On the other hand, in Comparative Examples 1 to 3 in which the polyamines were not added, the crosslinking reaction did not occur and the hydrogel was not formed. Therefore, the restricted water relaxation time τ ₂ and free water relaxation defined in the present invention. The time τ ₃ was out of the specified range, resulting in low binding properties. Further, in Comparative Example 4 in which a large amount of polyamines were added, the free water relaxation time τ ₃ was far below the specified range, and thus the resistance value was increased in addition to the decrease in binding properties. Regarding the binding property, it is considered that as a result of the reduction in crushing efficiency accompanying the high cross-linking, the diameter of the hydrogel dispersed in the liquid is large, and the binder dispersibility in the electrode is reduced.
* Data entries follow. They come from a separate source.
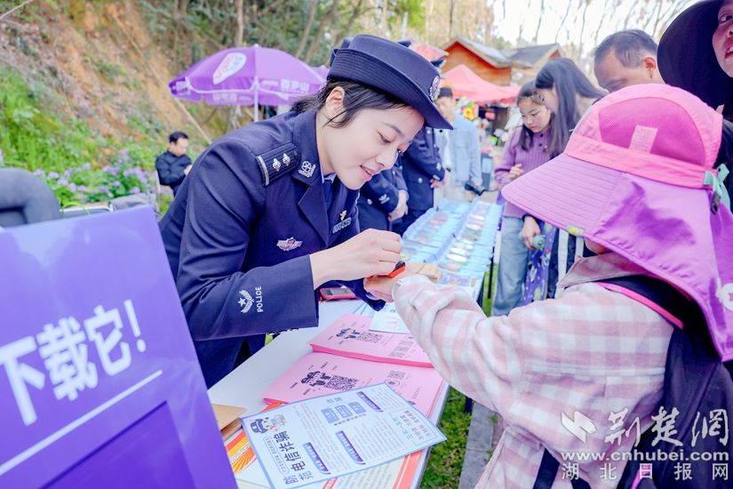 荊楚網(湖北日報網)訊(通訊員 熊靜怡 楊詠晨)3月22日至23日,黃石市第十屆櫻花游園會迎來了首個周末客流小高峰。在這場春日盛景中,黃石市公安局下陸分局民警化身“安全導游”,一抹抹藏藍身影穿梭于花海與人潮,將反詐禁毒宣傳融入賞花游園,用暖心守護為市民游客織就平安防護網。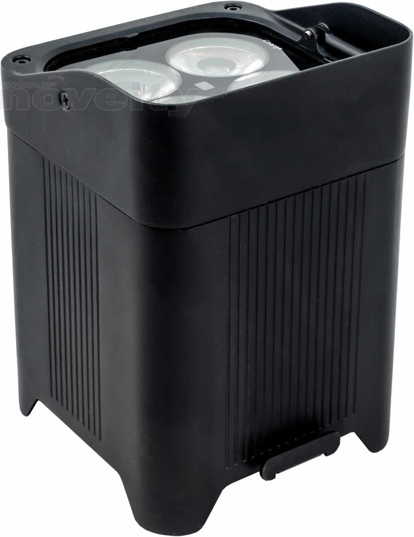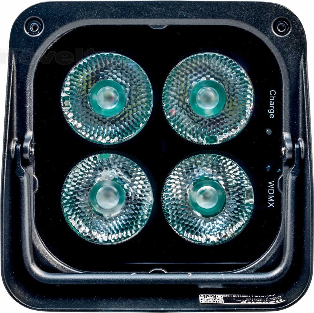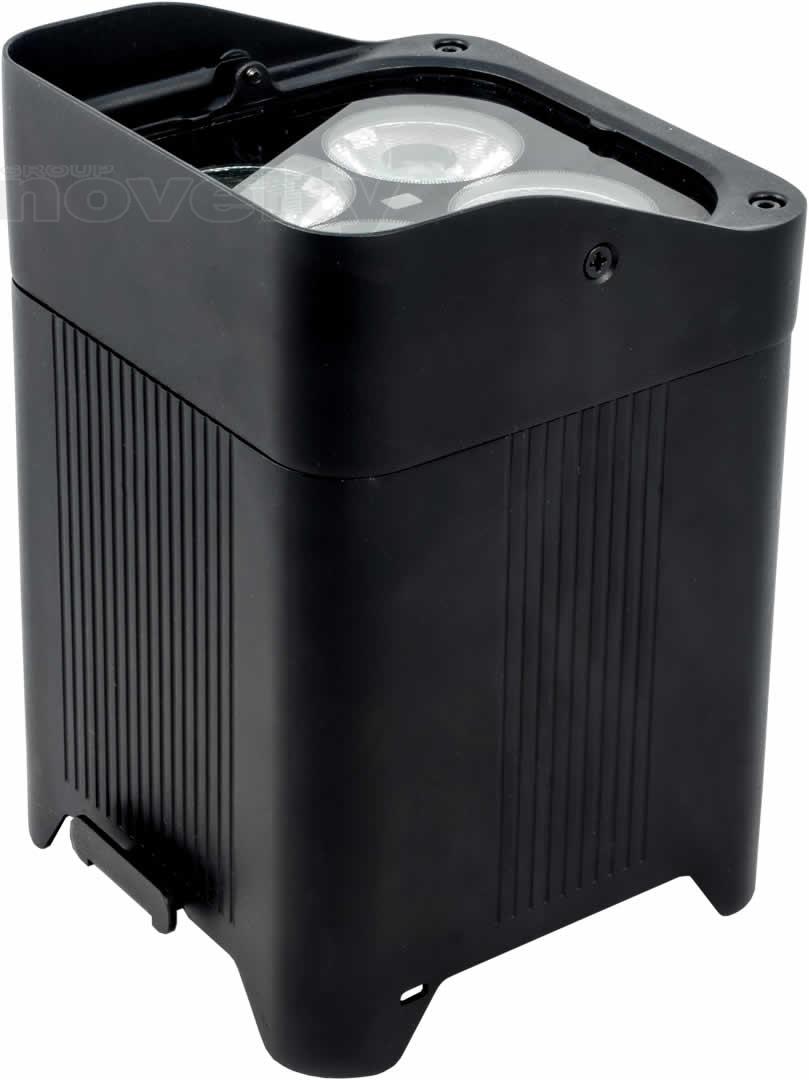 - A completely wireless IP65 rated battery powered up-light with four high powered quad colored RGBW LEDs that is controlled by W-DMX or IR remote.
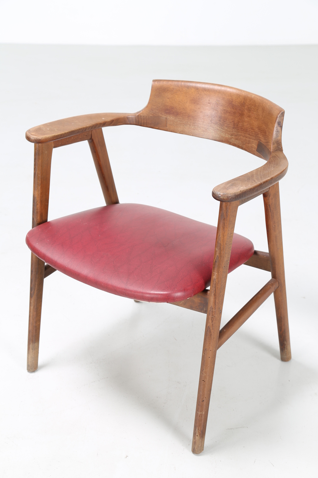 MANIFATTURA ITALIANA Coppia di sedie in faggio e skai. . Cm 61,00 x 71,00 x...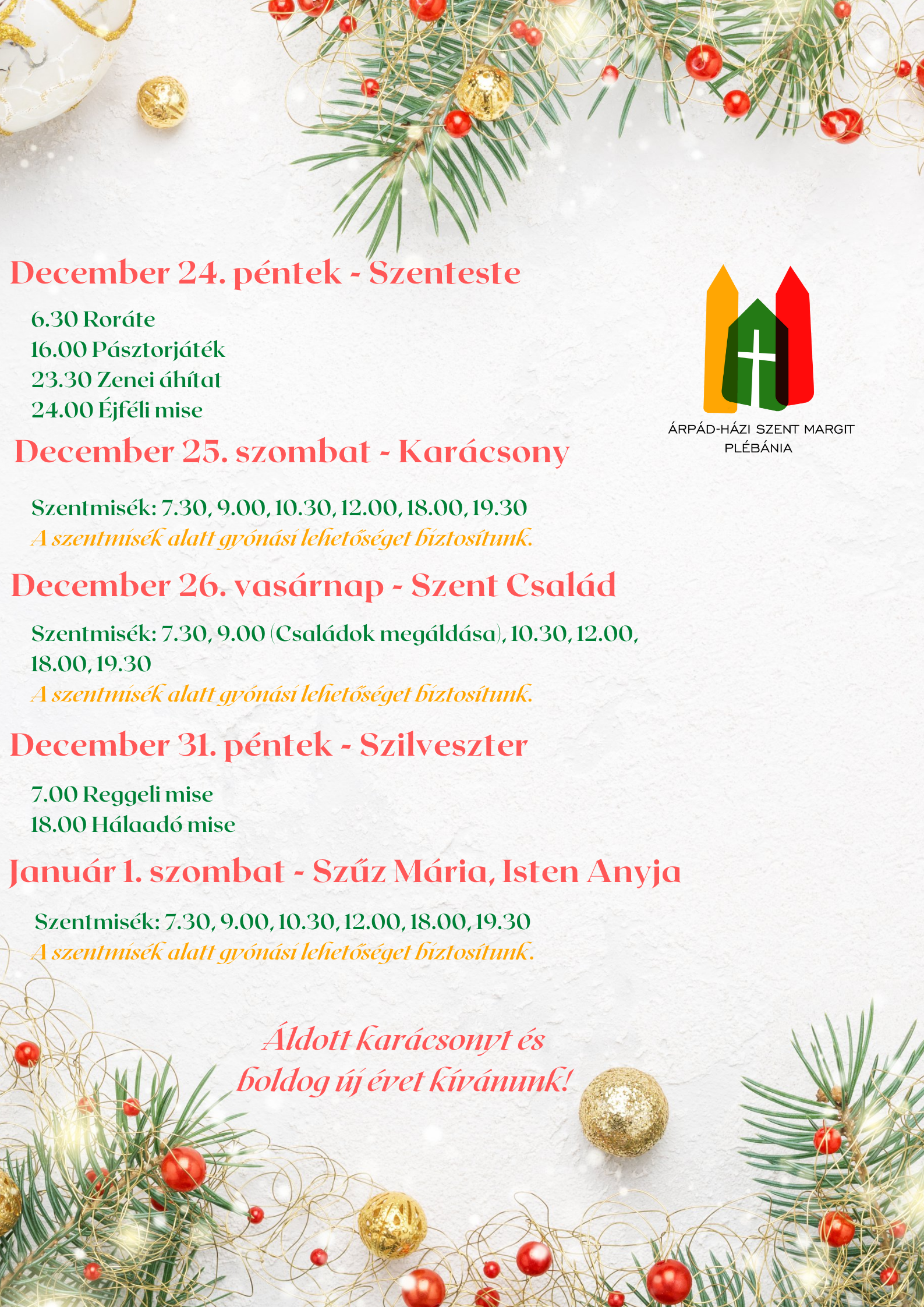 Karácsonyi és újévi szentmisék
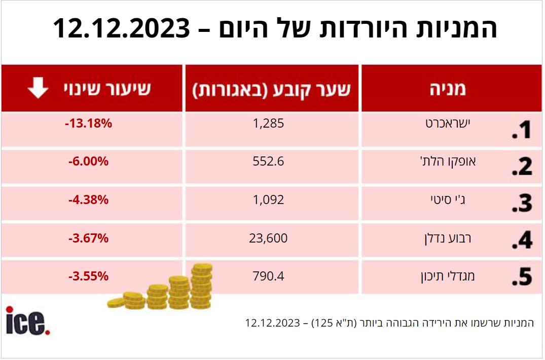 את טבלת המניות היורדות הובילה באופן מובהק מניית ישראכרט, שצללה היום ב-13.18% לרמה של 1,285 נקודות, כאשר אחריה מניית אופקו הלת' עם ירידה של 6% לרמה של 552.6 נקודות.
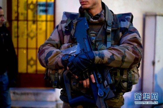 1月21日,在法國(guó)首都巴黎城外的一個(gè)猶太教堂前,一名法軍士兵持槍警戒。法國(guó)巴黎《沙爾利周刊》雜志社1月7日遭恐怖襲擊后,法國(guó)政府立即加大安保工作力度。襲擊發(fā)生的當(dāng)天下午,法國(guó)總理府宣布,將首都所在的整個(gè)巴黎大區(qū)反恐預(yù)警方案“警惕海盜計(jì)劃”的警戒級(jí)別提至最高,并進(jìn)一步加強(qiáng)對(duì)新聞機(jī)構(gòu)、大型商場(chǎng)、交通系統(tǒng)和宗教場(chǎng)所的保護(hù)。法國(guó)反恐預(yù)警方案“警惕海盜計(jì)劃”的安全警戒級(jí)別有4級(jí),政府總理有權(quán)根據(jù)實(shí)際情況和需要宣布或調(diào)整國(guó)家所處的警戒級(jí)別。目前,在法國(guó)全境執(zhí)行國(guó)內(nèi)安全任務(wù)的軍人已增加到1萬(wàn)人以上,其中大約8000人執(zhí)行“警惕海盜計(jì)劃”。機(jī)場(chǎng)、車站和著名旅游景點(diǎn)等重要公共場(chǎng)所都加強(qiáng)了軍人值勤的部署力度。這是法國(guó)首次在本土動(dòng)員如此多的軍人參與安保。新華社發(fā)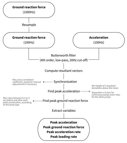 A flowchart showing the steps of the data processing can be seen in Figure 4. MATLAB software (Version 2019a, MathWorks, Natick, MA, USA) was used to process the data from both the force plates and the accelerometers. Data were processed according to the following procedures: First, the ground reaction force signal from the force plate (1000 Hz) was resampled to match the activity monitors’ sampling frequency (100 Hz). Then, both the ground reaction force and acceleration signals were filtered using a Butterworth fourth-order low-pass filter, with a 20 Hz cutoff frequency, to attenuate the noise. This cutoff frequency was selected based on visual inspection of the signals’ frequency spectra after a fast Fourier transform (FFT). Afterwards, the ground reaction force and acceleration’s resultant vector was calculated (). After that, both signals were adjusted using the time set by the system’s clock and then synchronized by the maximum cross-correlation coefficient. Then, the ground reaction force and acceleration signals were visually inspected, and whenever their peaks were not in the same hundredth of a second, manual adjustments to the synchronization were performed. An example of the ground reaction force and acceleration signals for each jump type can be observed in Figure 5. Next, the peak acceleration (pACC) was determined by the following criteria: (i) a minimum magnitude of three standard deviations above the mean acceleration value recorded during a trial, and (ii) a separation of at least 0.2 s for continuous jumps and 4 s for the other jumps. Then, pGRF was defined as the highest value within +/− 0.2 (continuous jumps) or +/− 4 (drop and box jumps) seconds of each pACC, according to the jump type. The rates of change were computed through a centered derivative from the beginning of the foot contact to the curve peak (Equation (1)). The pLR and peak acceleration rate (pAR) were defined as the maximum value in the array derived from Equation (1) and represented by in Equation (2).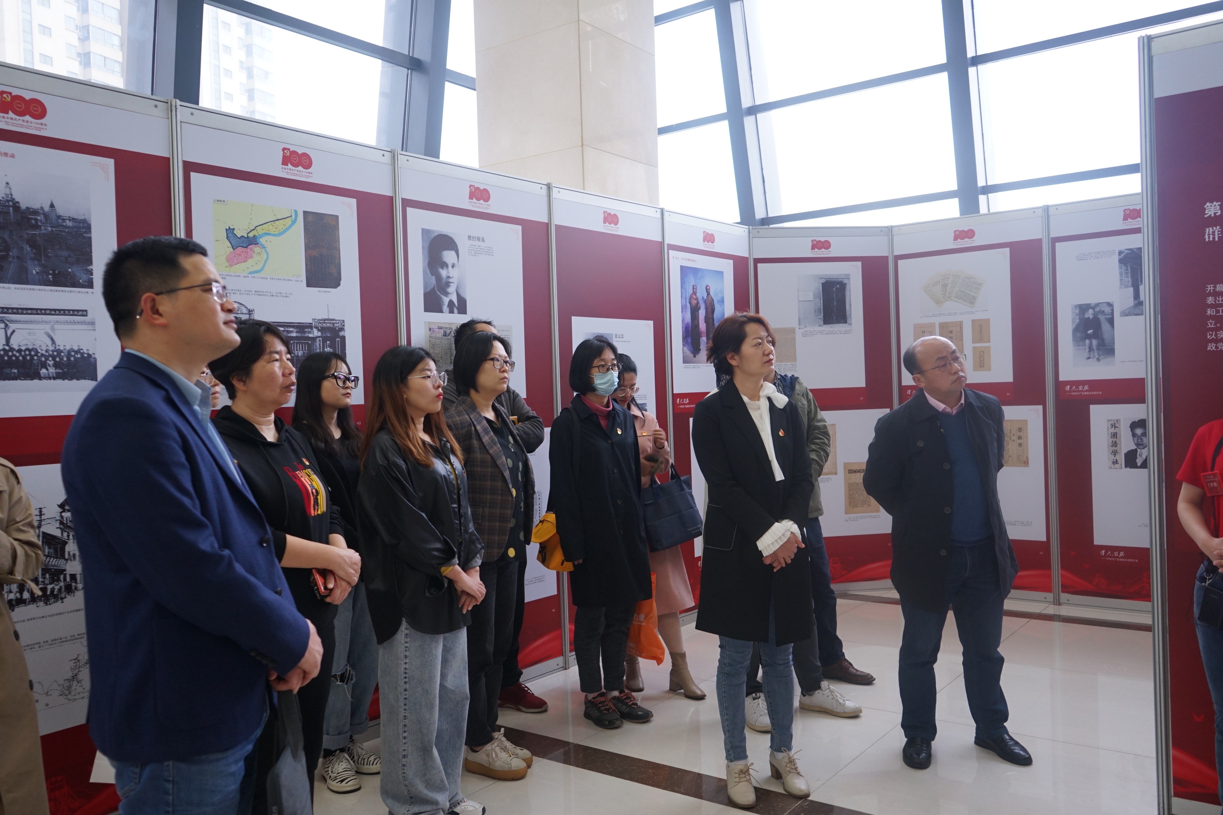 图片展分为党史厅和校史厅两大主题展厅,而党史展厅又从“前仆后继,救亡图存”、“风云际会,相约建党”和“群英汇聚,开天辟地”三个篇章出发,系统、全面地介绍了中国共产党的创建历史和建党精神,展示了中国共产党走过的峥嵘岁月和奋斗历程。展览以图文并茂的形式浓缩了旧中国遭受列强侵略、压迫的那段屈辱岁月,展现了中国共产党由小到大、由弱到强,团结和带领全国人民前赴后继、艰苦奋斗,建立新中国的伟大历程。党员们细细聆听讲解员生动的现场讲解,认真观看每一块展板,在一幅幅珍贵的历史图片前驻足,感悟中国共产党始终不渝为人民的初心宗旨,深刻领会了习近平总书记“学习国史党史是必修课”的重要内涵,增强了对党、对人民、对社会主义道路的信仰。

The increase in direct current resistance is presumed to be caused by the partial peeling of the electrode layer accompanying the decrease in the binding force in addition to the addition of many crosslinking agents.

Claims (5)

Including a hydrogel composed of a water-soluble polymer,
When the solid concentration is 5.5% by weight, the water relaxation time τ _{2 in the} water relaxation time by pulse NMR is 20 milliseconds or more, and the free water relaxation time τ ₃ is 300 milliseconds or more. A binder composition for a non-aqueous electrolyte battery electrode, characterized in that   The binder composition for a nonaqueous electrolyte battery electrode according to claim 1, wherein the hydrogel contains a neutralized salt of an α-olefin-maleic acid copolymer obtained by copolymerizing an α-olefin and a maleic acid, and a polyamine.   A slurry composition for a nonaqueous electrolyte battery electrode, comprising the binder composition according to claim 1 or 2, an active material, and water.   A nonaqueous electrolyte battery electrode formed by binding a mixed layer containing the binder composition according to claim 1 or 2 and an active material to a current collector.   A nonaqueous electrolyte battery comprising the nonaqueous electrolyte battery electrode according to claim 4.